In imposing sanctions against Parler, the circuit court stated that it had "inherent power to sanction" and, in determining the amount of the sanction, relied, in part, upon the case of Klupt v. Krongard, 126 Md.App. 179, 197, 728 A.2d 727, cert. denied, 355 Md. 612, 735 A.2d 1107 (1999), in which we held that trial courts "`have the power to sanction the destruction of evidence, whether that authority is derived from [the discovery sanctions rule] or from their inherent powers.'" (Citation omitted) (alteration in original). The monetary sanctions requested by appellee — expenses and attorney's fees — for Parler's alleged discovery violations in this case may properly be resolved under Maryland Rule 2-433, which provides a vehicle for expenses and attorney's fees as sanctions in circumstances involving the failure to disclose discoverable evidence, without resort to the circuit court's inherent authority. We remand the case with instructions to the circuit court to determine whether sanctions pursuant to Maryland Rule 2-433 in the form of an award of expenses and/or attorney's fees against Parler are appropriate.

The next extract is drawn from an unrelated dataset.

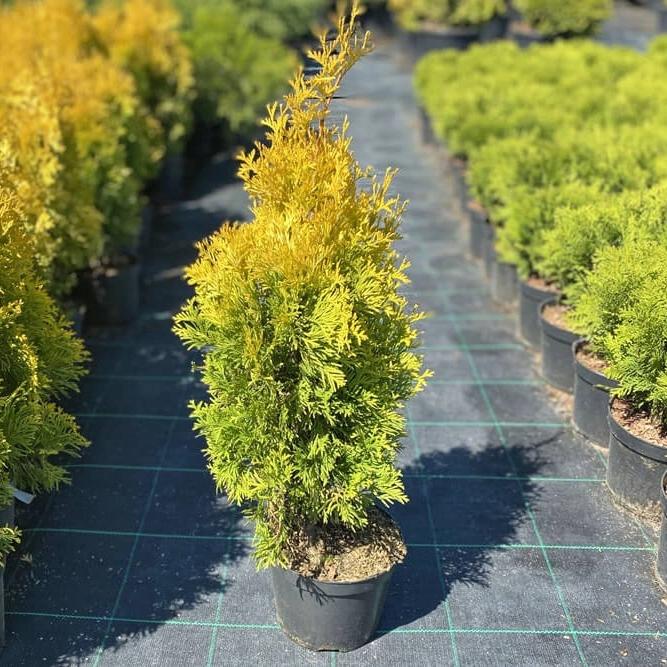 Елка живая новогодняя Туя Янтарь в горшке (30-40 см, C3)
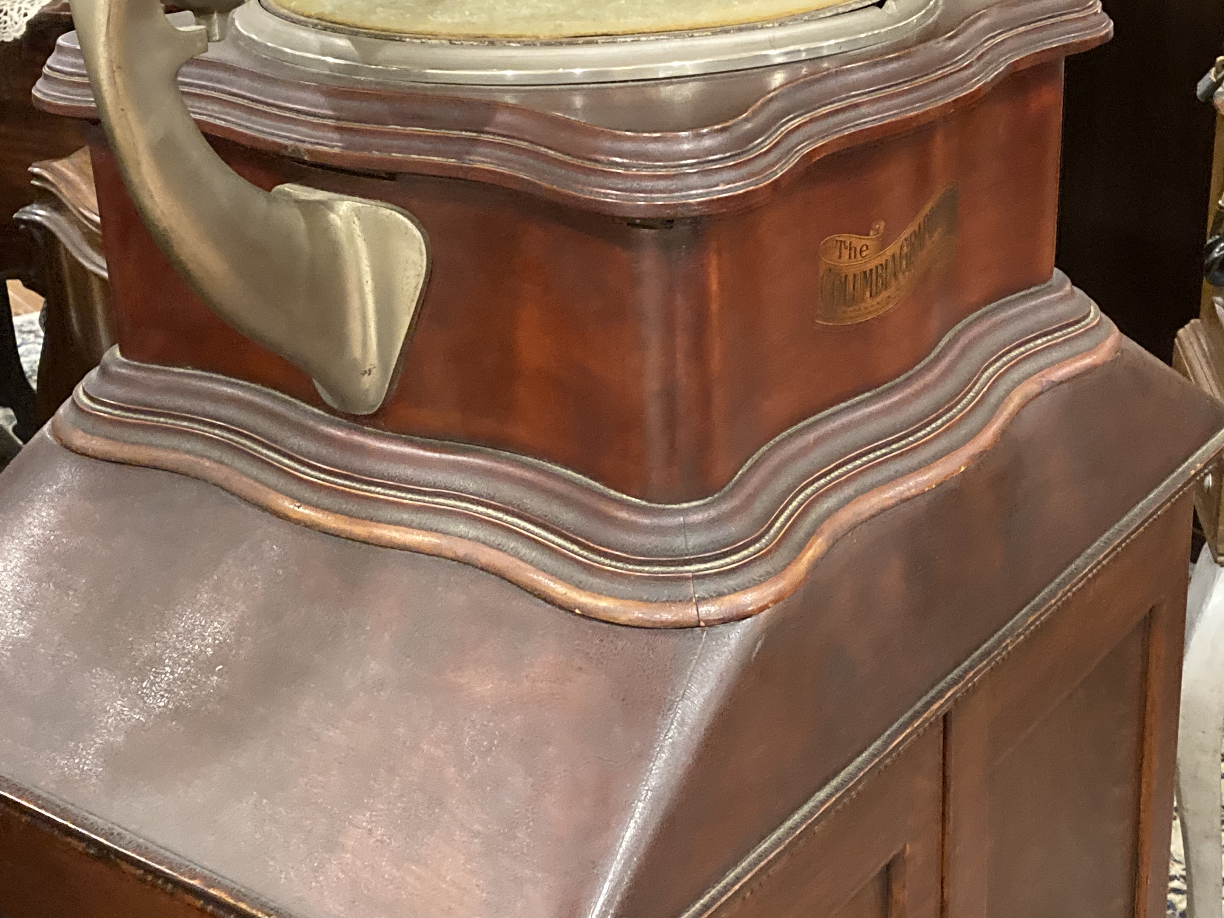 I just acquired this BY and cabinet, my question is has anyone seen this type of base adapter ? Was this an item that an after market company made or just something a skilled carpenter made for this machine? The base transition is made of solid mahogany and is serpentine to the exact shape of the BY. The BY has guide boards attached to it that nest into the transition to keep it secure. Another odd thing is the record cabinet is oak . The BY and the transition are both equally alligatored with age as is the record cabinet. When you lift the machine off its adapter the varnish on top of the record cabinet is nice and glossy just like under the lid of an upright phonograph that was always kept shut never being exposed to sun light. I am convinced the three pieces have been together for a very very long time , perhaps since they were new , but was it a homemade combination or did a cabinet company provide?

In an affidavit, Mankowitz averred that Kennedy Krieger Institute hired Smelgus from Scientific Labs to perform the 1993 test, and that he did not discuss the 1993 report with anyone until after the trial. Mankowitz averred that, although appellant has hired Smelgus and Scientific Labs to conduct XRF testing on its properties, when it does so, Smelgus used his own test report forms rather than Kennedy Krieger Institute test report forms. Smelgus averred in his affidavit that Scientific Labs performed the 1993 test for Kennedy Krieger Institute.
In Dixon, 206 Md.App. at 185-86, 202, 47 A.3d 1038, an asbestos case, we held that the plaintiff's expert's opinion that "every exposure to asbestos[,]" even a single event, "is a substantial contributing cause" to the development of mesothelioma, "lacked any information that would `assist the trier of fact to understand the evidence or to determine a fact in issue' as required by [Maryland] Rule 5-702." In Dixon, id. at 197, 47 A.3d 1038, we held that such testimony was inadmissible absent quantitative epidemiological evidence supporting its conclusions. We conclude that Dr. Sundel's testimony is akin to the situation in Dixon. Although Dr. Sundel did not explicitly testify that no blood lead level was safe or that every exposure to lead was a substantial contributing cause of appellee's injuries, when asked "so although the CDC set the action level at ten [micrograms per deciliter], that doesn't mean less than ten is safe necessarily, does it?[,]" Dr. Sundel agreed, "[n]o, it doesn't." Dr. Sundel's response demonstrated his belief that blood lead levels under ten micrograms per deciliter are unsafe. Dr. Sundel failed to provide, however, any explanation for his belief that blood lead levels under ten micrograms per deciliter were unsafe or to cite any study or report supporting his conclusion. Accordingly, as in Dixon, id. at 202, 47 A.3d 1038, such testimony "lacked any information that would `assist the trier of fact to understand the evidence or to determine a fact in issue[,]'" and should have been excluded.